Efficient GPGPU implementation of a lattice Boltzmann model for multiphase flows with high density ratios

•A Lattice Boltzmann Method (LBM) for the simulation of multiphase flows with high density ratios.•Viscosity included as part of the LBM particle distribution functions (PDFs).•No non-physical terms appear in any of the equations.•Efficiently GPGPU implementation, 10–100 times faster than for a single CPU.•Validation for a number of increasingly demanding, analytical and numerical, benchmark problems. We present the development of a Lattice Boltzmann Method (LBM) for the numerical simulation of multiphase flows with high density ratios, such as found in ocean surface wave and air–sea interaction problems, and its efficient implementation on a massively parallel General Purpose Graphical Processing Unit (GPGPU).

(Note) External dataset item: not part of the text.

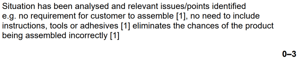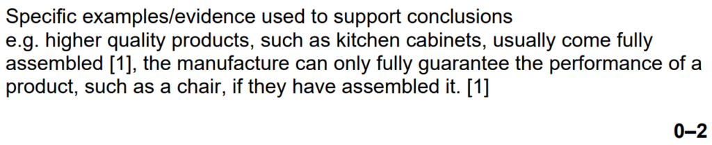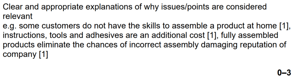 Examiner comment: Candidates gave a broad range of answers relating to their understanding of why many products are designed to be assembled by the customer. Difficulties with transporting large items and saving the manufacturer time and money to assemble products were often communicated well. Thorough
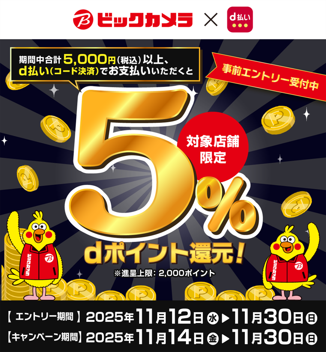 本キャンペーンの参加にはエントリーが必要で、2025年11月12日(水)から受付開始いたします。キャンペーン期間中、ビックカメラの対象店舗にて「d払い(R)」で期間中合計5,000円(税込)以上お支払いいただくと、お支払い金額の5%分のdポイントを進呈※1※2いたします。

The LBM extends Inamuro’s et al.’s (2004) multiphase method by solving the Cahn–Hilliard equation on the basis of a rigorously derived diffusive interface model. Similar to Inamuro et al., instabilities resulting from high density ratios are eliminated by solving an additional Poisson equation for the fluid pressure. We first show that LBM results obtained on a GPGPU agree well with standard analytic benchmark problems for: (i) a two-fluid laminar Poiseuille flow between infinite plates, where numerical errors exhibit the expected convergence as a function of the spatial discretization; and (ii) a stationary droplet case, which validates the accuracy of the surface tension force treatment as well as its convergence with increasing grid resolution. Then, simulations of a rising bubble simultaneously validate the modeling of viscosity (including drag forces) and surface tension effects at the fluid interface, for an unsteady flow case. Finally, the numerical validation of more complex flows, such as Rayleigh–Taylor instability and wave breaking, is investigated. In all cases, numerical results agree well with reference data, indicating that the newly developed model can be used as an accurate tool for investigating the complex physics of multiphase flows with high density ratios. Importantly, the GPGPU implementation proves highly efficient for this type of models, yielding large speed-ups of computational time. Although only two-dimensional cases are presented here, for which computational effort is low, the LBM model can (and will) be implemented in three-dimensions in future work, which makes it very important using an efficient solution.